╔══

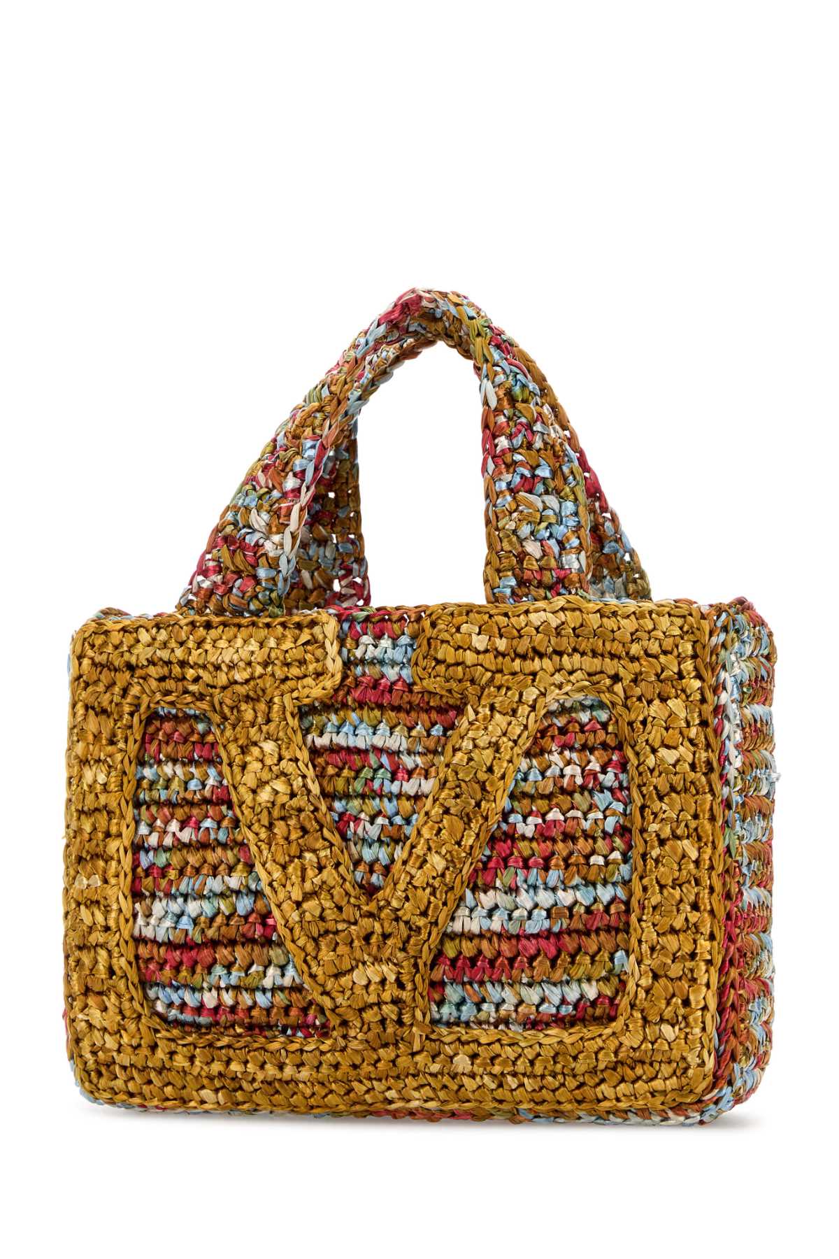- Multicolor raffia small VLogo Signature handbag
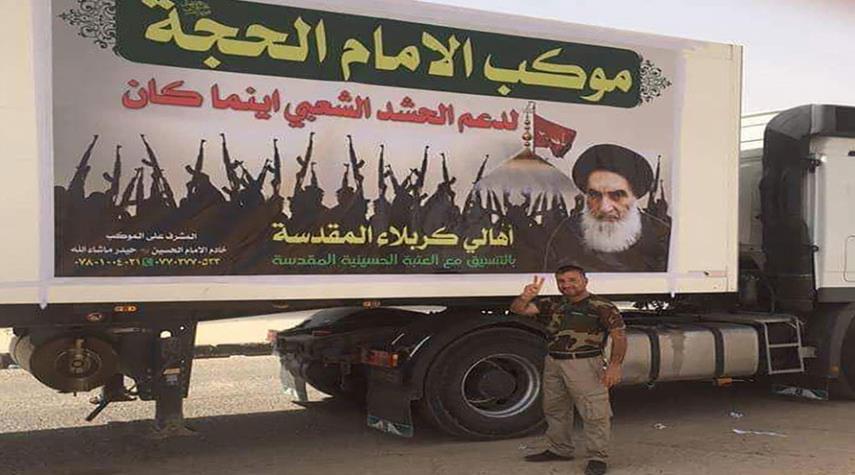 العراق-الكوثر: اعلن موكب الامام الحجة عليه السلام للدعم اللوجستي في العراق عن تسيير قافلة دعم جديدة الى ساحات القتال، فيما اكد ان ما قامت به مجاميع داعش الإرهابية من اعمال إجرامية بحق عدد من العاملين في مجال الدعم اللوجستي لن تثنيهم عن مواصلة دعمهم للمقاتلين المرابطين على السواتر.
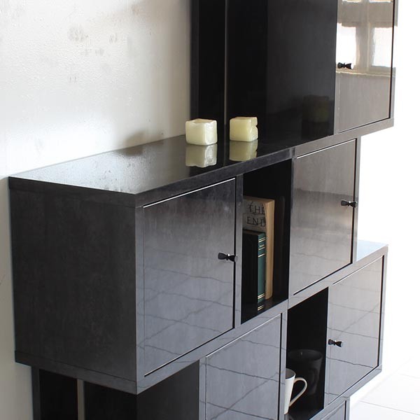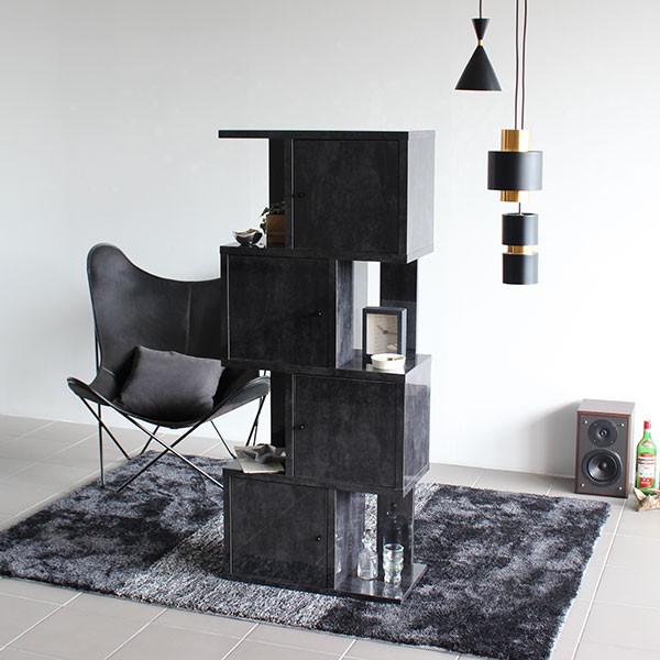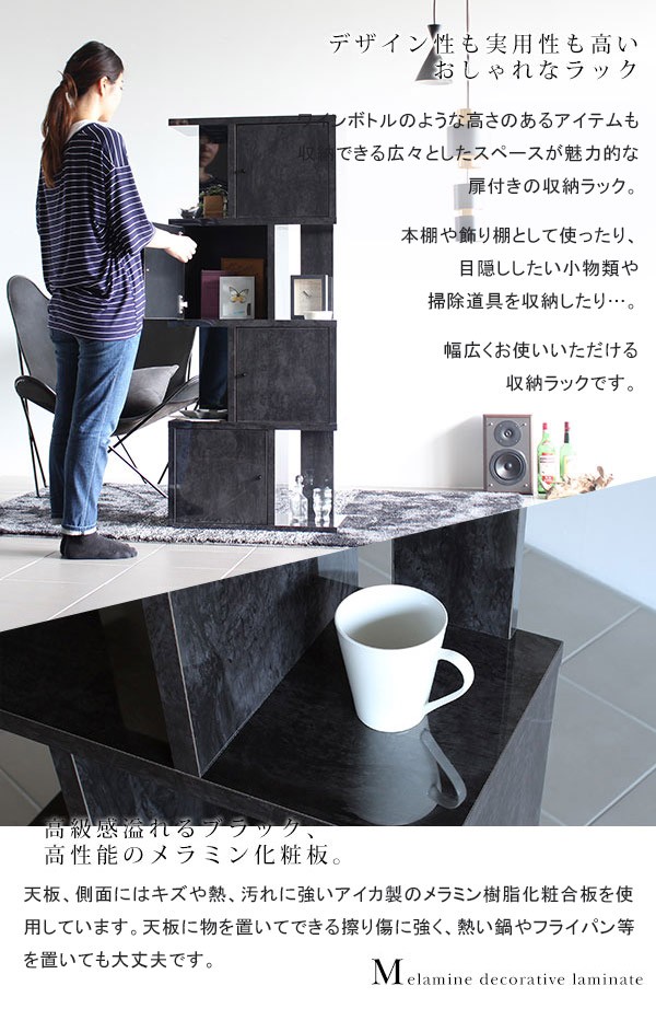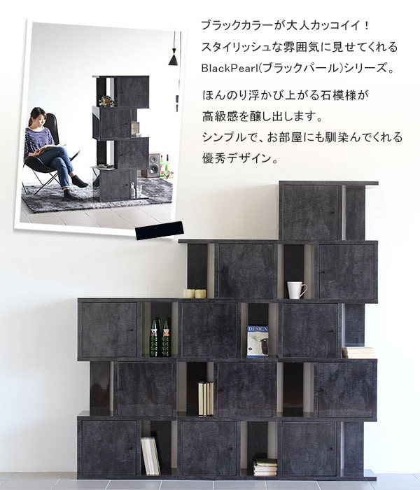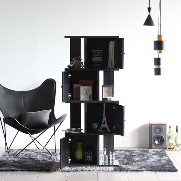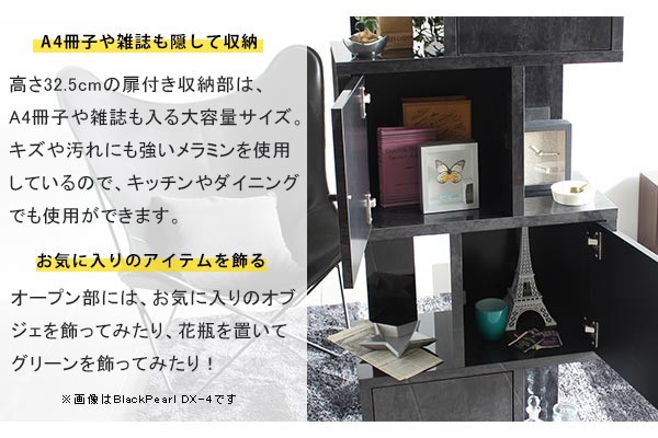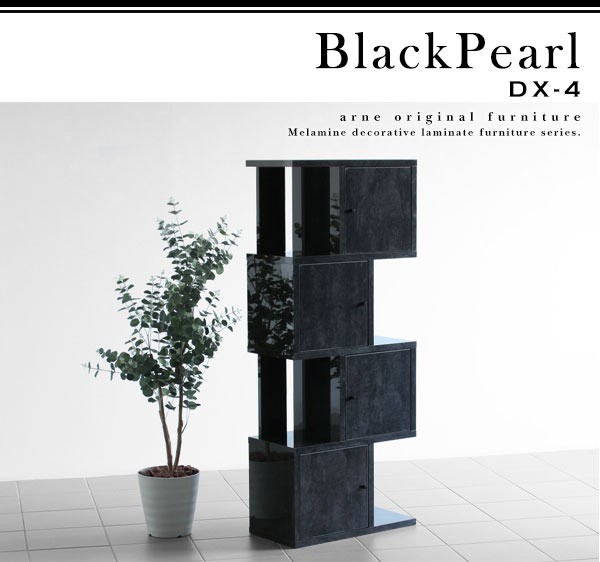 オープンシェルフ S字ラック 扉付き 4段 飾り棚 ディスプレイラック おしゃれ 家具 鏡面仕上げ 黒 ブラック BP DX-4 ☆
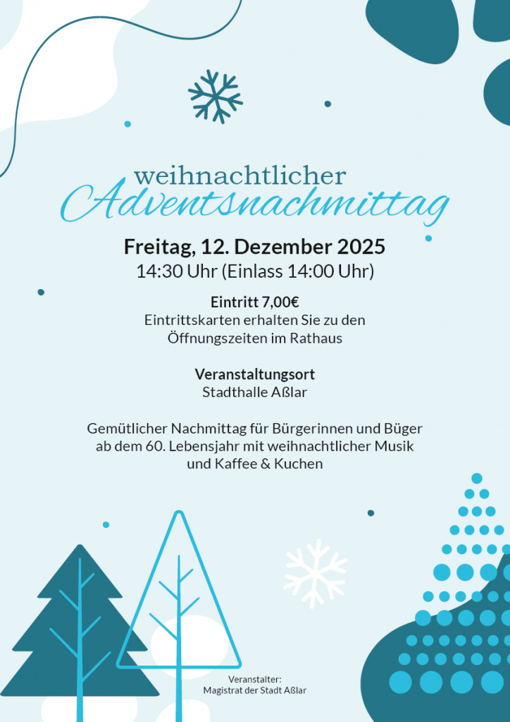 Am Freitag, den 12. Dezember 2025, beginnen wir um 14:30 Uhr (Einlass ab 14:00 Uhr) in der Stadthalle Aßlar, Mühlgrabenstraße 1, 35614 Aßlar.
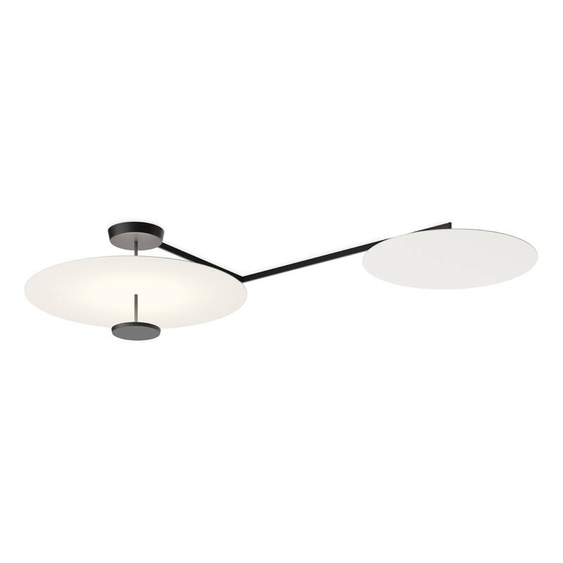 Suspension and ceiling lights are available with two or four discs of medium or smaller size. Deployed in tandem, the smaller discs work together to capture and reflect light onto the larger ones, creating bubbles of soft, diffused light.
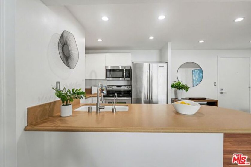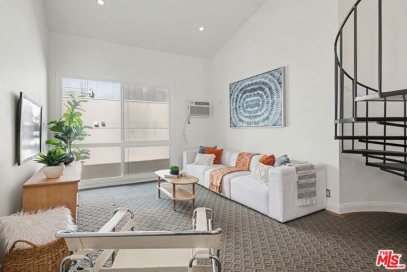 Desired Top floor 2 bed/1 bath corner-unit on quiet backside of The Colony at Westwood, with secured entry, updated pool/spa/gym/laundry, lounge and recreation room. 2 level unit with open floor plan that includes high ceilings, recessed lighting in living room, kitchen with quartz countertops, stainless steel appliance and breakfast bar. 1 bedroom on main level with 2 closets and updated full bath with floating sink and tile finishes. Spiral staircase leads to 2nd bedroom/open loft area with skylight and hardwood floors. Extra bonus space upstairs ideal for office/storage. Pets ok, secured 1 parking space in front garage, common area EV charging, common area laundry. Ideal close proximity and convenient location within a few blocks of UCLA campus and all the great retail, grocery and restaurants in Westwood Village and Westwood Blvd. including Whole Foods, Bristol Farms, Trader Joe's, 99 Ranch Market, Sprouts, and many coffee shops and restaurants. Also, close to Westwood Recreation Center, Tennis and Park, Westfield Century City and Beverly Hills. Move-in ready!
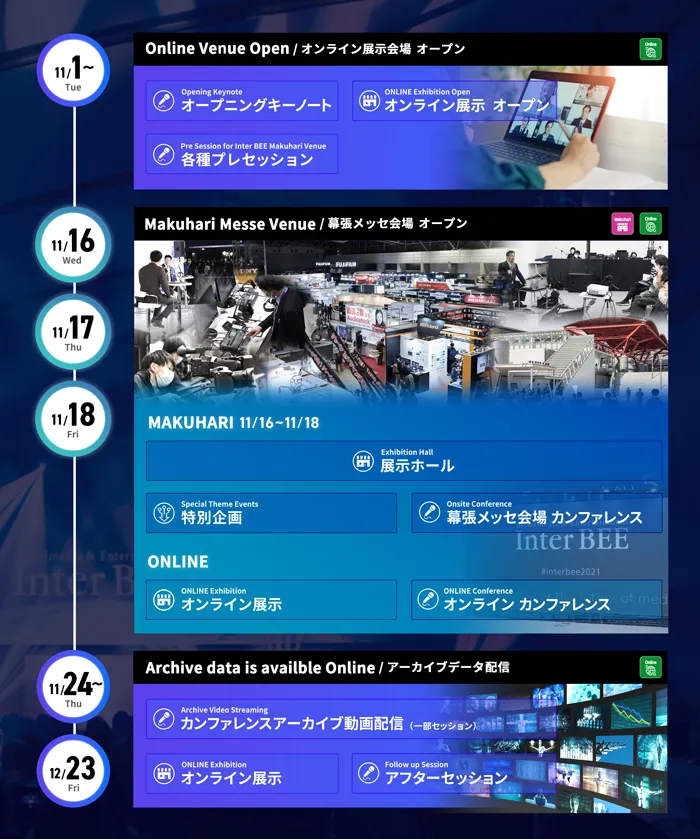 Inter BEE 2022 イベント開催の流れ オンラインイベント及び幕張メッセで開催されるリアルイベントともに、 公式Websiteより来場登録 の上ご参加ください。 画像クリックで拡大表示されます。

╚══

Return all the material exactly, skipping pictures.

_EXERCISE ANSWER_
- Multicolor raffia small VLogo Signature handbag
 العراق-الكوثر: اعلن موكب الامام الحجة عليه السلام للدعم اللوجستي في العراق عن تسيير قافلة دعم جديدة الى ساحات القتال، فيما اكد ان ما قامت به مجاميع داعش الإرهابية من اعمال إجرامية بحق عدد من العاملين في مجال الدعم اللوجستي لن تثنيهم عن مواصلة دعمهم للمقاتلين المرابطين على السواتر.
 オープンシェルフ S字ラック 扉付き 4段 飾り棚 ディスプレイラック おしゃれ 家具 鏡面仕上げ 黒 ブラック BP DX-4 ☆
 Am Freitag, den 12. Dezember 2025, beginnen wir um 14:30 Uhr (Einlass ab 14:00 Uhr) in der Stadthalle Aßlar, Mühlgrabenstraße 1, 35614 Aßlar.
 Suspension and ceiling lights are available with two or four discs of medium or smaller size. Deployed in tandem, the smaller discs work together to capture and reflect light onto the larger ones, creating bubbles of soft, diffused light.
 Desired Top floor 2 bed/1 bath corner-unit on quiet backside of The Colony at Westwood, with secured entry, updated pool/spa/gym/laundry, lounge and recreation room. 2 level unit with open floor plan that includes high ceilings, recessed lighting in living room, kitchen with quartz countertops, stainless steel appliance and breakfast bar. 1 bedroom on main level with 2 closets and updated full bath with floating sink and tile finishes. Spiral staircase leads to 2nd bedroom/open loft area with skylight and hardwood floors. Extra bonus space upstairs ideal for office/storage. Pets ok, secured 1 parking space in front garage, common area EV charging, common area laundry. Ideal close proximity and convenient location within a few blocks of UCLA campus and all the great retail, grocery and restaurants in Westwood Village and Westwood Blvd. including Whole Foods, Bristol Farms, Trader Joe's, 99 Ranch Market, Sprouts, and many coffee shops and restaurants. Also, close to Westwood Recreation Center, Tennis and Park, Westfield Century City and Beverly Hills. Move-in ready!
 Inter BEE 2022 イベント開催の流れ オンラインイベント及び幕張メッセで開催されるリアルイベントともに、 公式Websiteより来場登録 の上ご参加ください。 画像クリックで拡大表示されます。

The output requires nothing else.